Aşık olmak bir hayatta kalma içgüdüsüdür
Yukarıdaki açıklamadan, sevginin insan vücudu üzerinde neden bu kadar etkili olduğunu merak ediyor olabilirsiniz. Basit cevap, aşık olmanın, bu türün üreme yoluyla hayatta kalması için insan biyolojik bir içgüdüsü olduğudur.

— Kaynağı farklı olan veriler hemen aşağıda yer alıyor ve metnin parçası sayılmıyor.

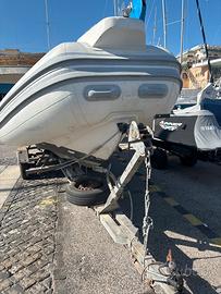 Splendido sacs con tubolari in ottimo stato senza Microperdite o spellature,spiaggette in vetroresina con teak vero. Motore 40/60 mercuri che spinge il gommone a più di 24 nodi tendalino a 3 archi acciaio inox, doccetta e pompe di sentina Carrello omologato e revisionato 1000 kg plini e gigliotti
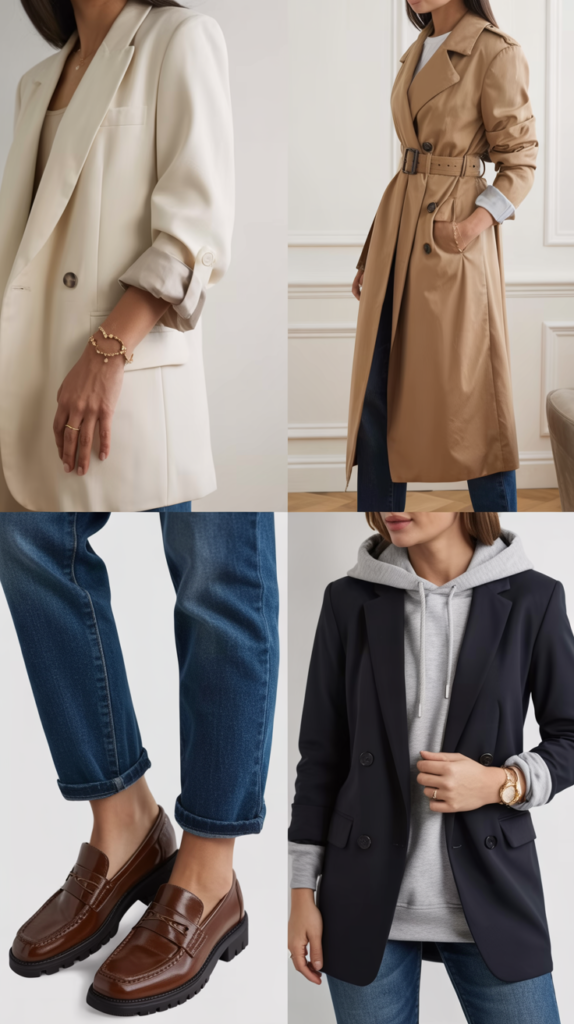 - Polished + Sporty + Cozy: Blazer, bomber, quilted liner.
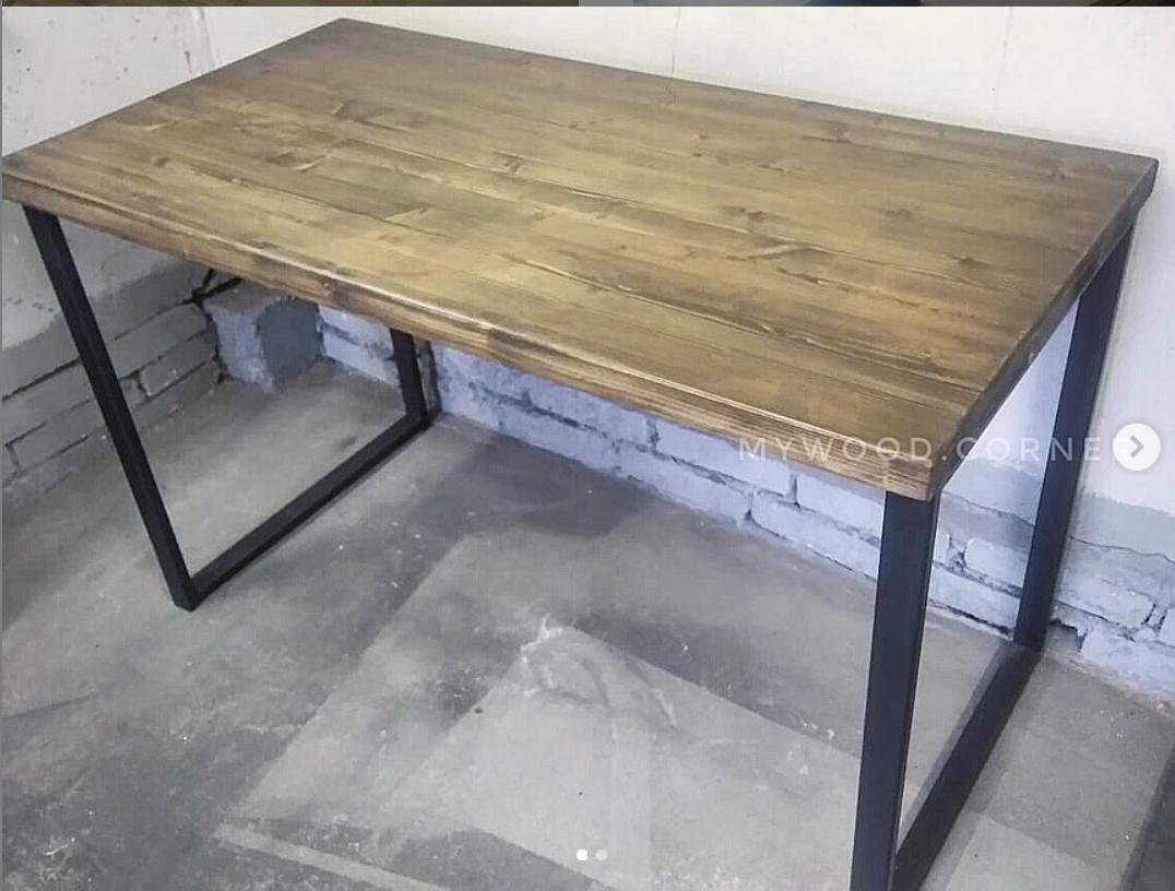 Заказывал стол у ребят. По стоимости почти, как из Икеи (кухонная столешница + ножки). Но лучше. Выпиливают под любые размеры, любой высоты, можно выбрать материал и цвет морилки.
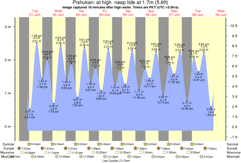 Image captured 18 minutes after high water (at high neap tide). Tide height was 1.7m (5.6 ft). Range 3.11m (10.2 ft). Toggle tide graph
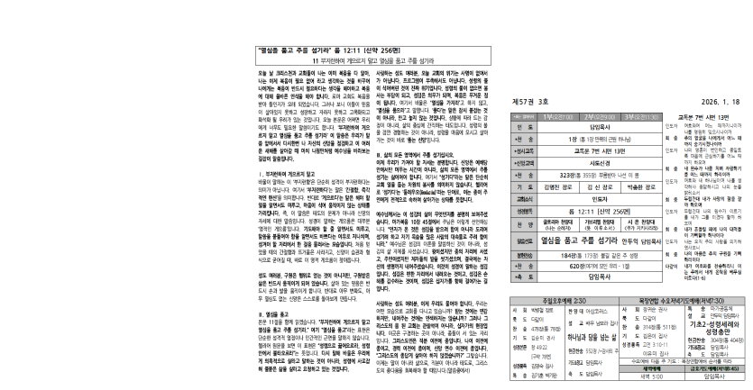 2026년 1월 18일 주보 페이지 정보 작성자 서버관리 댓글 작성일26-01-17 본문 2026년 주보모음 댓글목록 목록 교회주보 목록 번호 제목 글쓴이 조회 날짜 열람중 2026년 1월 18일 주보 서버관리 70 2026-01-17 846 2026년 1월 11일 주보 서버관리 62 2026-01-17 845 2026년 1월 4일 주보 서버관리 156 2026-01-07 844 2025년 12월 28일 주보 서버관리 167 2025-12-28 843 2025년 12월 21일 주보 서버관리 116 2025-12-27 842 2025년 12월 14일 주보 서버관리 245 2025-12-14 841 2025년 12월 7일 주보 서버관리 286 2025-12-07 840 2025년 11월 30일 주보 서버관리 250 2025-12-02 839 2025년 11월 23일 주보 서버관리 249 2025-11-25 838 2025년 11월 16일 주보 서버관리 285 2025-11-16 837 2025년 11월 9일 주보 서버관리 313 2025-11-11 836 2025년 11월 2일 주보 서버관리 295 2025-11-04 835 2025년 10월 26일 주보 서버관리 327 2025-10-28 834 2025년 10월 19일 새생명축제 주보 서버관리 362 2025-10-22 833 2025년 10월 12일 주보 서버관리 396 2025-10-12 832 2025년 10월 5일 주보 서버관리 444 2025-10-04 열린1페이지 2페이지 3페이지 4페이지 5페이지 6페이지 7페이지 8페이지 9페이지 10페이지 다음 맨끝 검색대상 제목 내용 제목+내용 회원아이디 회원아이디(코) 글쓴이 글쓴이(코) 검색어 필수 검색
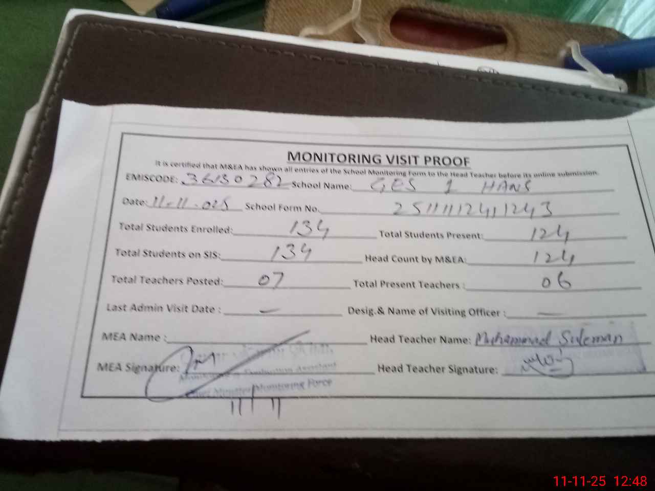 | EMIS Code: 36130282 | Name of School: GES CHAK NO.1 HANS P/O KOT MELA RAM | |||
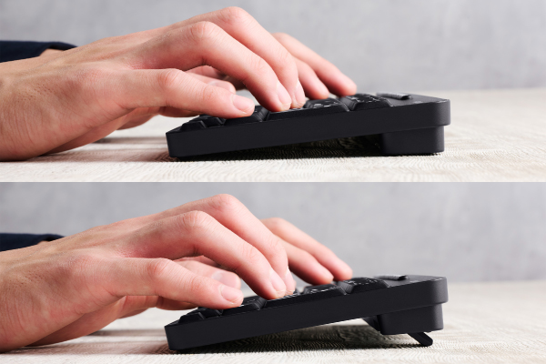 姿勢に合わせて傾斜角を2段階で調整できる角度調整スタンドが付いています。 スタンドにはキータッチを安定させる滑り止めが付いています。
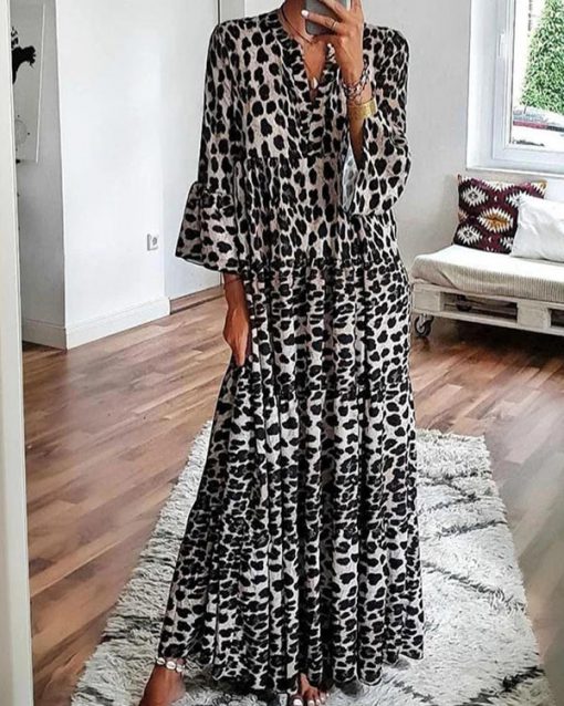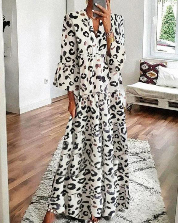 Fashion Leopard Print Dress Flare Sleeve Ruffled Hem Maxi Dress
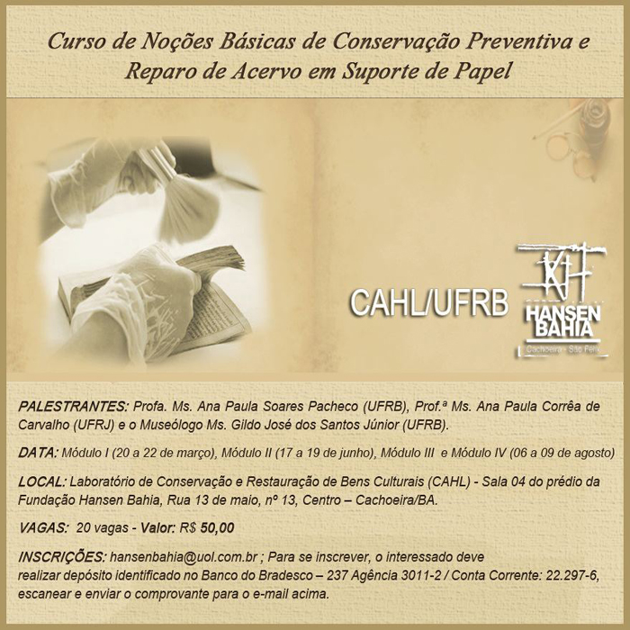A Fundação Hansen Bahia (FHB) em parceria com o Centro de Artes Humanidade e Letras (CAHL) da Universidade Federal do Recôncavo da Bahia (UFRB) promove curso de Noções Básicas de Conservação Preventiva e Reparo de Acervo em Supor te de Papel.A carga horária será de 60h, divididas em quatro módulos de aulas teóricas expositivas com recursos de audiovisuais e aulas práticas. As aulas serão ministradas pela Profa. Ms. Ana Paula Soares Pacheco (UFRB), Prof.ª Ms. Ana Paula Corrêa de Carvalho (UFRJ) e o Museólogo Ms. Gildo José dos Santos Júnior (UFRB).

Aşkın birini bu kadar takıntılı ve her şeyi yapmaya istekli yapmadığını hayal edin. Kimse aşık olmak, bir aile kurmak, sonra yeniden üretmek (çocuk sahibi olmak) ile uğraşmak istemez. Bu olursa, zamanla insan türünün nesli tükenebilir. Bu nedenle, insan beyni biyolojik olarak aşık olmaya ve türünün varlığını sürdürmeye hazırdır. Bu, aşkın bir süreliğine aptal olabileceği anlamına gelse bile.
Ancak aşk her zaman üremeye yol açmaz. Çoğu durumda aşk, yalnızca kişinin duygusal ihtiyaçlarını karşılamak için var olur. Diğer durumlarda, örneğin bir çocuğa ebeveyn sevgisi, çocuğun hayatta kalmasını sağlamak için sevgi esastır. Bu nedenle ebeveynler çocuklarını o kadar çok sevebilirler ki, karşılığında hiçbir şey beklemeden oğulları ve kızları için her şeyi yapmaya razı olurlar.